Script to start the guest
=========================
gshan@nvidia-grace-hopper-01:~/sandbox/qemu/guest$ cat start_full.sh
#!/bin/sh
key="VGhlIHJlYWxtIGd1ZXN0IHBlcnNvbmFsaXphdGlvbiBrZXkgaW4gZm9ybWF0IG9mIGJhc2U2NCAgICAgICAgIA=="
IF_UP_SCRIPT=/etc/qemu-ifup
IF_DOWN_SCRIPT=/etc/qemu-ifdown

qemu-system-aarch64 -enable-kvm \
-object rme-guest,id=rme0,measurement-algorithm=sha512,personalization-value=${key} \
-M virt,gic-version=3,confidential-guest-support=rme0                               \
-cpu host -smp 4 -m 2G -boot c                                                      \
-serial mon:stdio -monitor none -nographic -nodefaults                              \
-bios /mnt/edk2/Build/ArmVirtQemu-AARCH64/RELEASE_GCC5/FV/QEMU_EFI.fd               \
-device pcie-root-port,bus=pcie.0,chassis=1,id=pcie.1                               \
-device pcie-root-port,bus=pcie.0,chassis=2,id=pcie.2                               \
-drive file=/mnt/rhel10.qcow2,if=none,id=drive0                                     \
-device virtio-blk-pci,id=virtblk0,bus=pcie.1,drive=drive0,num-queues=4             \
-netdev tap,id=tap0,script=${IF_UP_SCRIPT},downscript=${IF_DOWN_SCRIPT}             \
-device virtio-net-pci,bus=pcie.2,netdev=tap0,mac=b8:3f:d2:1d:3e:f9

Issues
======
1. virtio-iommu isn't supported by QEMU. The guest kernel becomes stuck at IOMMU
probing time where the endpoint's capabilities is queried by sending request over
virtio device's vring and the response is expected to be fed by QEMU. The request
can't be seen by QEMU due to the wrong IOMMU address translation used in QEMU as
virtio-iommu provides a different IOMMU address translation operations to override
the platform one, leading the DMA address (in the shared space) can't be properly
recognized. The information has been shared to Jean.

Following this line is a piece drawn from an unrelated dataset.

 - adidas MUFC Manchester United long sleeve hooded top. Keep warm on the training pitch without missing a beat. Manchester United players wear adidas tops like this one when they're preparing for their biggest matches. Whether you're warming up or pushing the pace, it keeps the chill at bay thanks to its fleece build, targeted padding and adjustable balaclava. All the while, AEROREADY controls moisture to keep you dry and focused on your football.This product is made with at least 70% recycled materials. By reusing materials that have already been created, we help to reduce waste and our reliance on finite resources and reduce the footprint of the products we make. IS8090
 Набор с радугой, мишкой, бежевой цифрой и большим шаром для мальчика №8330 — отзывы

2. 'reboot' command doesn't work in the guest. QEMU complains some registers aren't
accessible from QEMU. I didn't sorted out a workaround for this.

3. HMP command 'dump-guest-memory' causes QEMU to exit abnormally. The cause is the
realm is reconfigured when the VM is resumed after the guest memory is dumped. The
reconfiguration is rejected by the host, leading QEMU's abnormal exit. The fix would
be to avoid the reconfiguration on the realm. The issue was originally reported by
Fujitsu and all the information has been shared to Fujitsu.

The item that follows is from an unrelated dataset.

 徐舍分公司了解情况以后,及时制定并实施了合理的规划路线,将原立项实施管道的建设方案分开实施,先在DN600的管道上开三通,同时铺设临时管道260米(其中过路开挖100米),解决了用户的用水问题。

4. In QEMU, the CPU property 'kvm-no-adjvtime' can't be set to off. Otherwise, QEMU
tries to access the timer registers, which have been hidden by the host. So we need
to take the parameter (for QEMU) to by pass it: "-cpu host,kvm-no-adjvtime=on".

5. I didn't try virtio-mem and memory balloon, which isn't expected to work, especially
when the guest memory is hot added or hot removed.

Thanks,
Gavin